South African government bonds and banking stocks plummeted on Friday morning as analysts prepare for imminent downgrades to the country’s credit ratings, after the nation’s president dismissed his finance minister Pravin Gordhan and eight other cabinet members overnight.

Jacob Zuma had been engaged in a power struggle against Mr Gordhan for months, and he sacked him in a late-night cabinet meeting on Thursday night.

At publication time, yields on the country’s benchmark 10-year bonds, which rise when prices fall, were up 32.5 basis points (0.325 percentage points) to 8.813 per cent.

The FTSE/JSE Africa Banks Index, meanwhile, was down 5.5 per cent, its biggest one-day drop since December 2015 – the last time president Zuma sacked his finance minister. The rand, which at publication time was 1.4 per cent weaker for the day, is on track for its worst week since the same date.

The president’s conflict with Mr Gordhan has repeatedly dented the rand’s rally over the last year but, while previous falls have generally been reversed fairly quickly, many analysts are sceptical that it will be as easy this time.

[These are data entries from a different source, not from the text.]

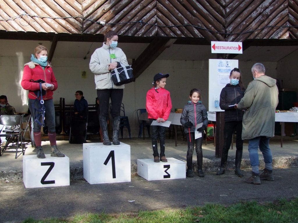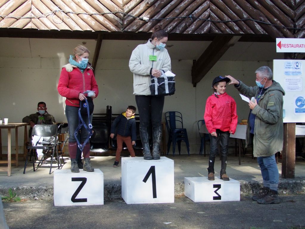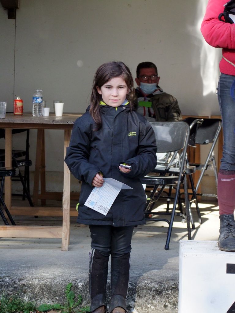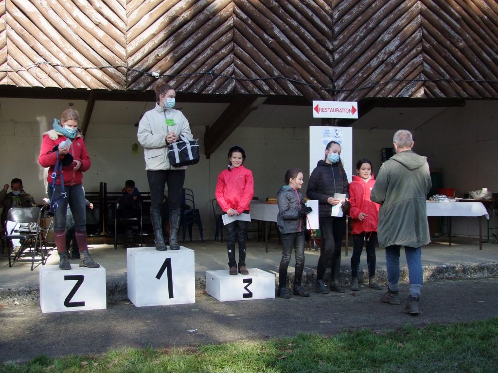 Sans plus tarder, voici les résultats: sur 31 engagés, Violette avec Charifa 1ère, récup à 39, 3ème: Mila avec Prune récup à 40, 4ème: Jade et Sissi récup à 43, 5ème: Alicia et Bimbala récup à 43, 6ème: Alizéa et Tornado récup à 43, 7ème: Lou et Katia récup à 44, 16ème: Julie et Fifty récup à 52, 25ème Christelle et Pif récup à 62, et à mon grand regret: Madame revient boîteuse malgré une belle course avec Aude.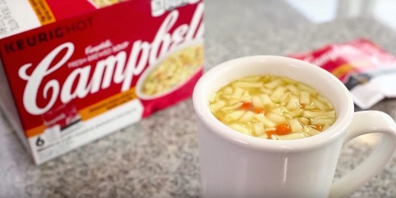 All you have to do is empty a packet of noodles into a mug, throw a Campbell's K-cup into your Keurig and hit the brew button. Within no time, you'll have a freshly-brewed cup of chicken noodle soup just waiting to be devoured.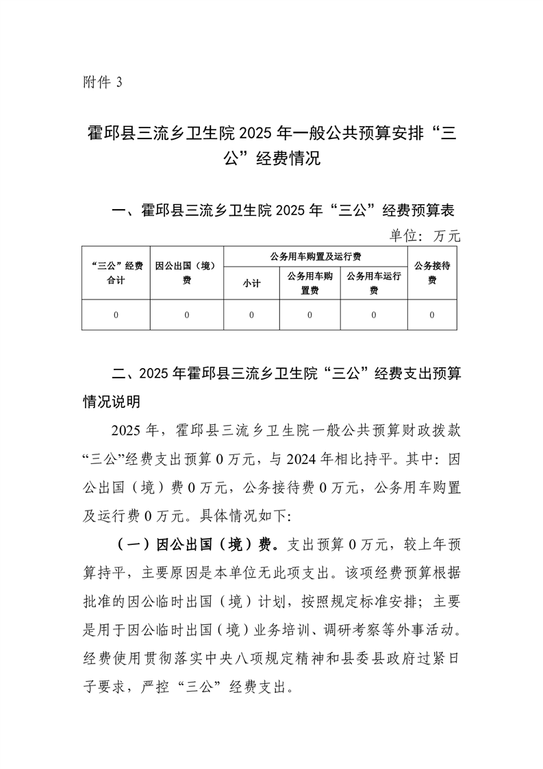 霍邱县三流乡卫生院2025年部门单位一般公共预算安排“三公”经费情况公开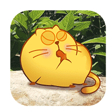 A cute, chubby yellow cartoon cat with rosy cheeks is sleepily licking its paw while sitting on a rock.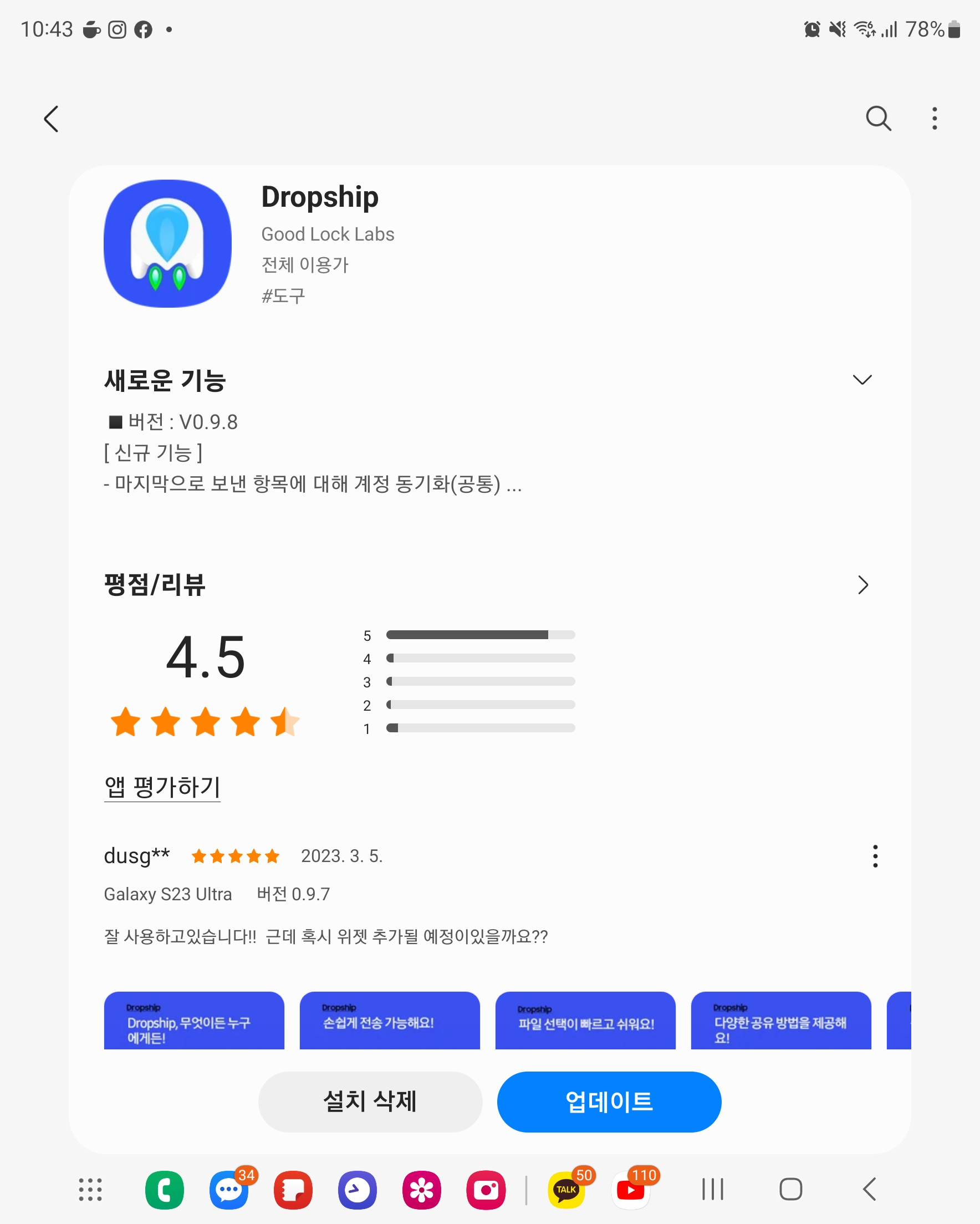 먼저 갤럭시 스토어에서 Dropship을 다운로드합니다.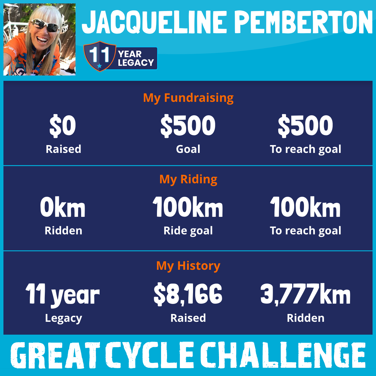 My father was a cyclist through and through for most of his life. He and I spent many kms on the road together. At 80 years young dad was riding right up until a month before cancer took him from me. Together on our trusty mountain bikes we rode 481kms between Esperance and Albany in 4 days! So this year, once again and in his memory I will be riding during October for the eleventh year in a row, to raise funds to reach my initial goal which was to raise ten thousand dollars in ten years , to support childhood cancer. Dad loved kids and would be proud Im doing this.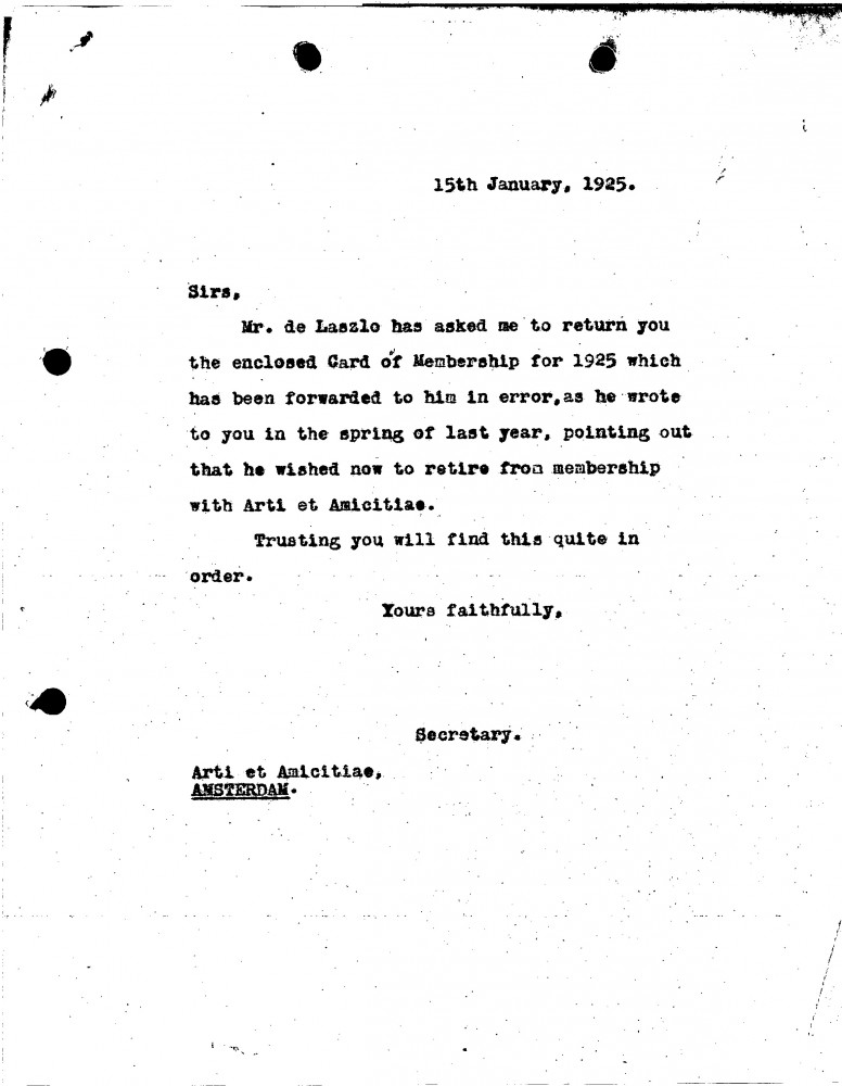 De László is retiring his membership from Arti et Amicitiae; he returns their 1925 membership card.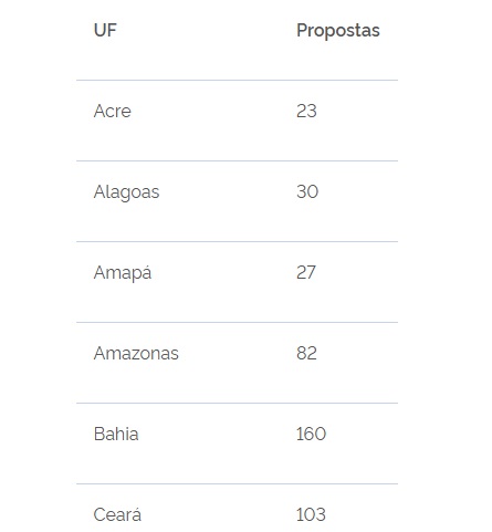 A região Nordeste registrou o maior volume de habilitações — 593 propostas —, com destaque para a Bahia (160), Pernambuco (108) e Ceará (103). Na região Norte foram 286 propostas habilitadas, lideradas pelo Amazonas (82), Pará (79) e Tocantins (48). A região Centro-Oeste concentrou 209, com destaque para os estados do Goiás (79), Distrito Federal (61) e Mato Grosso (36). Ao todo, 98.3% das propostas inscritas foram habilitadas no program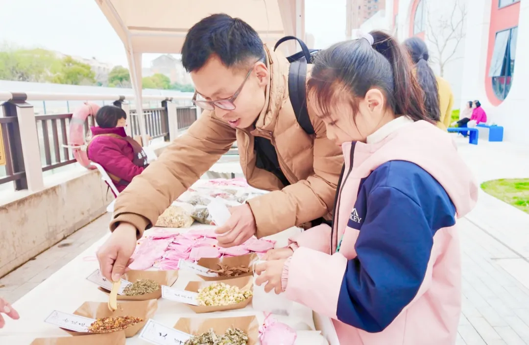 桃花香包制作区飘出淡淡的草本香气。12岁的潘迎雪和父亲一起亲手制作香囊,琳琅满目的干花品种多样,“我选了薰衣草、茉莉、橘皮,还有桃花,这和外面卖的不一样,是我自己亲手选的香味。”干花装囊,再用粉色桃花袋套上,精致又可人。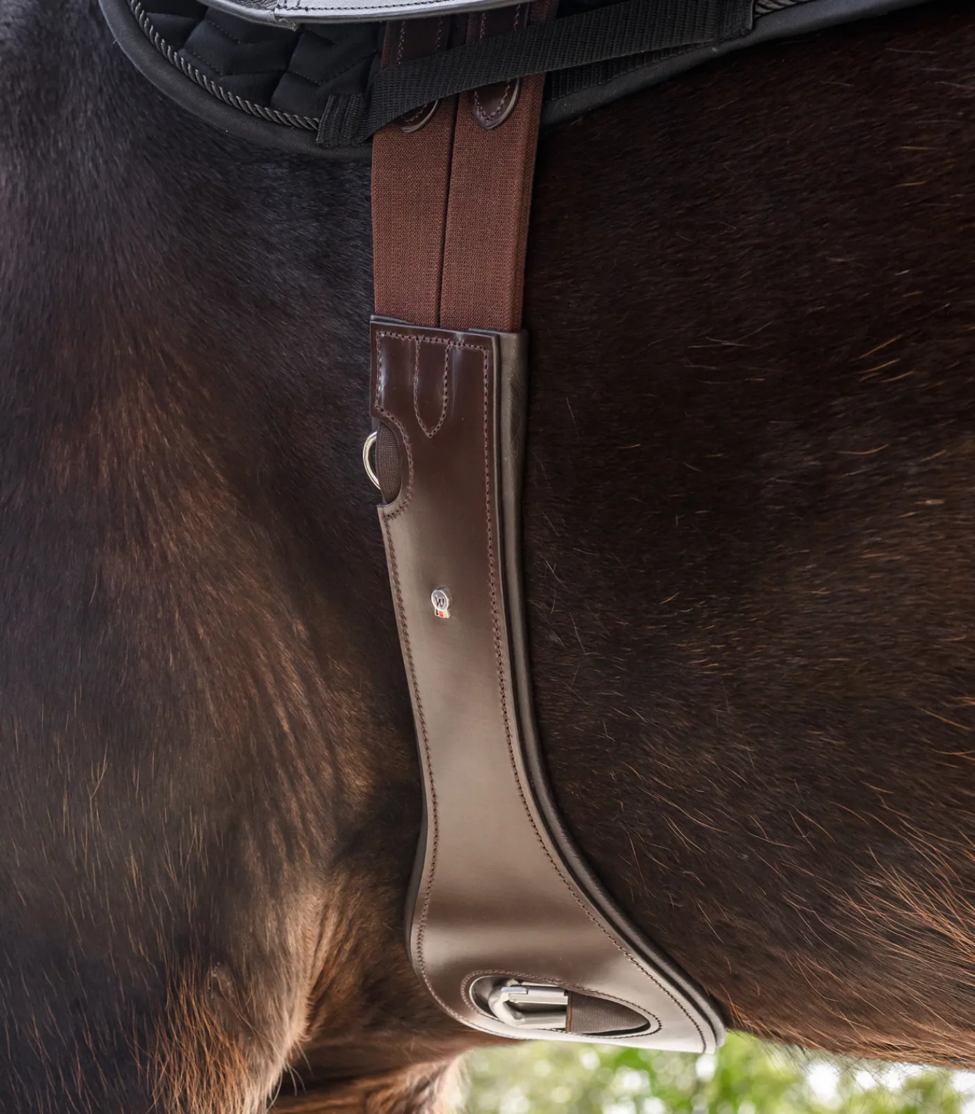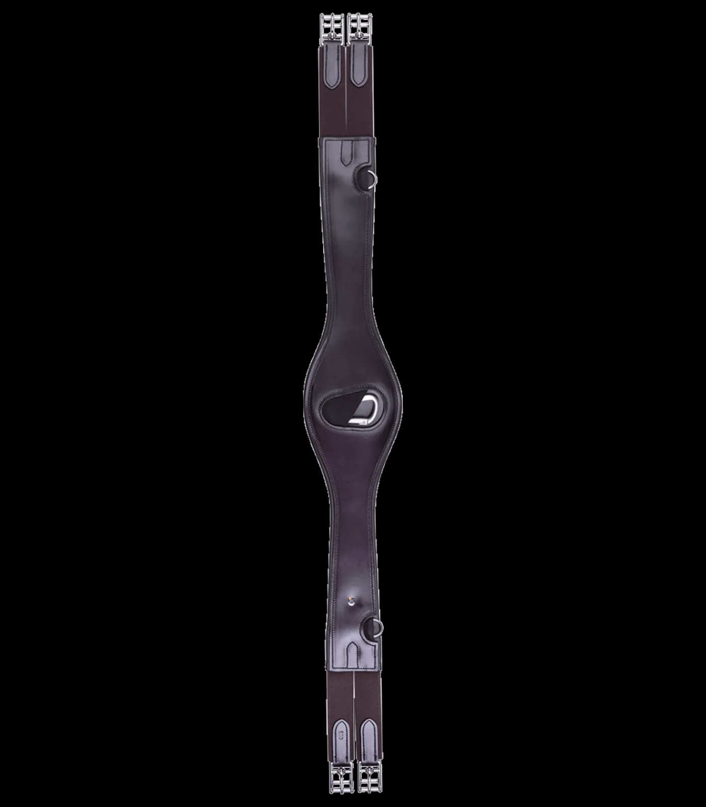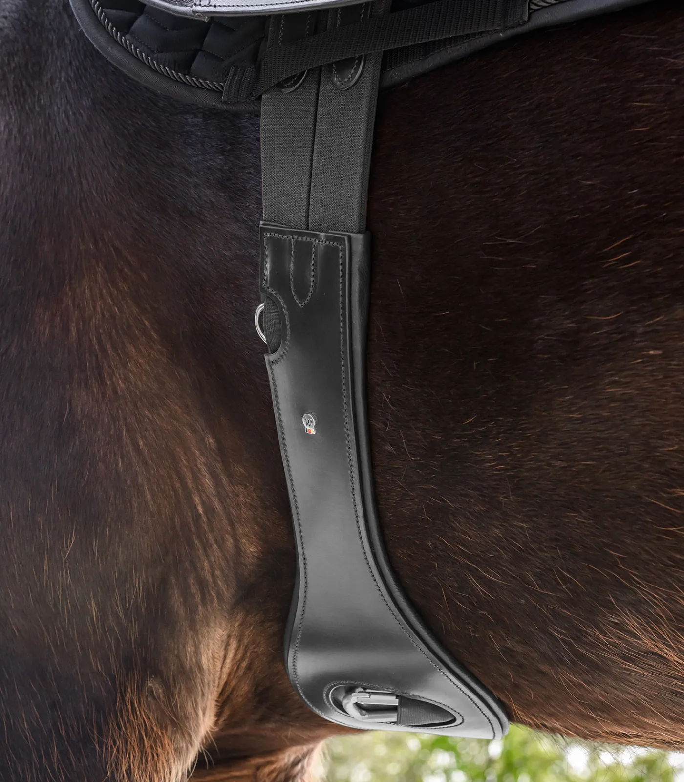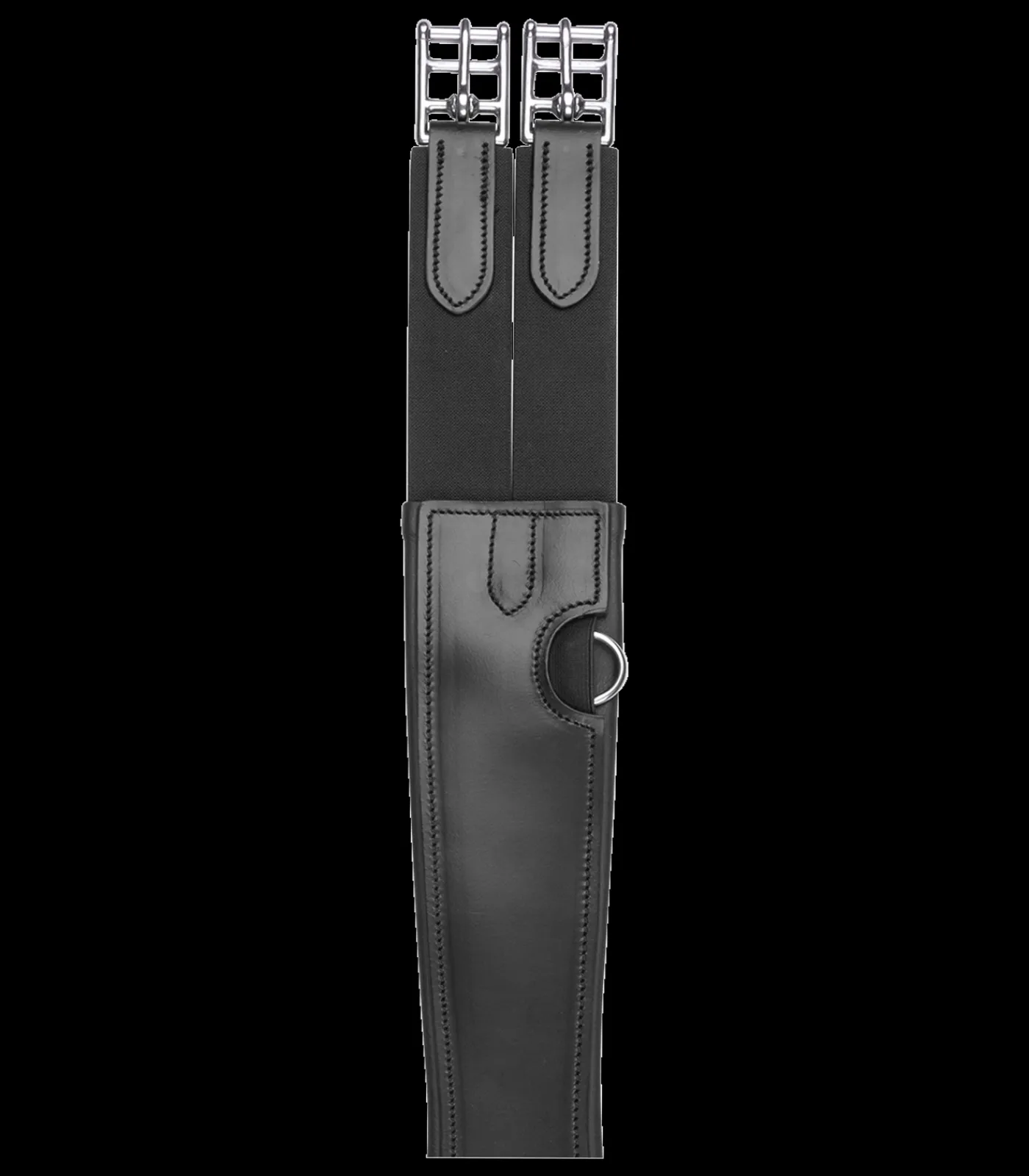 Weich unterlegter Gurt aus qualitativ hochwertigem Leder. Passt sich optimal anatomisch am Pferd an. Beidseitig elastische Gurtenden und Edelstahl- Rollschnallen, sowie Ringe für Hilfszügel.

Peter Attard Montalto at Nomura stressed that “this is not over yet”, and said many in the market are still being too optimistic.

This is an attack on the institution of the National Treasury and as such will trigger multiple downgrades.

The market has been far too complacent that Zuma cannot remove PG but he has now gone and done it and yet the market is still hanging onto the hope of a credible candidate which has not come with a complete clear out at NT. This is a full whack Zuma led reshuffle which will lead to multiple imminent downgrades where Zuma is confident he has the upper hand over weak internal ANC opposition. The market will be watching blowback risk now as the next reason to be too positive on this. The opposition to Zuma is too split with too weak a leadership in the NEC to be effective here. Zuma believes he is, and we think he is, much stronger than the market thinks he is. The market has a lot of catching up to do still I think to the reality on the ground.”

Timothy Ash at Bluebay Asset Management agreed that markets have yet to price in the full importance of the reshuffle, saying the relatively modest moves in the rand overnight “are frankly bizarre”.

He said South African assets may be supported in the short term by positive sentiment toward emerging markets in general, but added: “short term Zuma could succeed, but if he does this will likely change the character of the country in a meaningful way, and in the process make the longer term investment story much more challenging”.

Lutz Karpowitz at Commerzbank said the latest developments will create new headaches for the South African Reserve Bank. The central bank had hoped it was at the end of its easing cycle and could even move toward lowering interest rates as the strong rand helped bring down inflation, but its governor warned yesterday that the recent political instability threatened that outlook.

Mr Karpowitz said:

In an environment of increasingly open corruption within the government the only guarantor for the rand is the central bank. The fact that it left the key rate at 7 per cent yesterday almost got lost amongst the frenetic developments. Let’s wait and see how long it takes until the weak rand forces the central bank to raise rates again.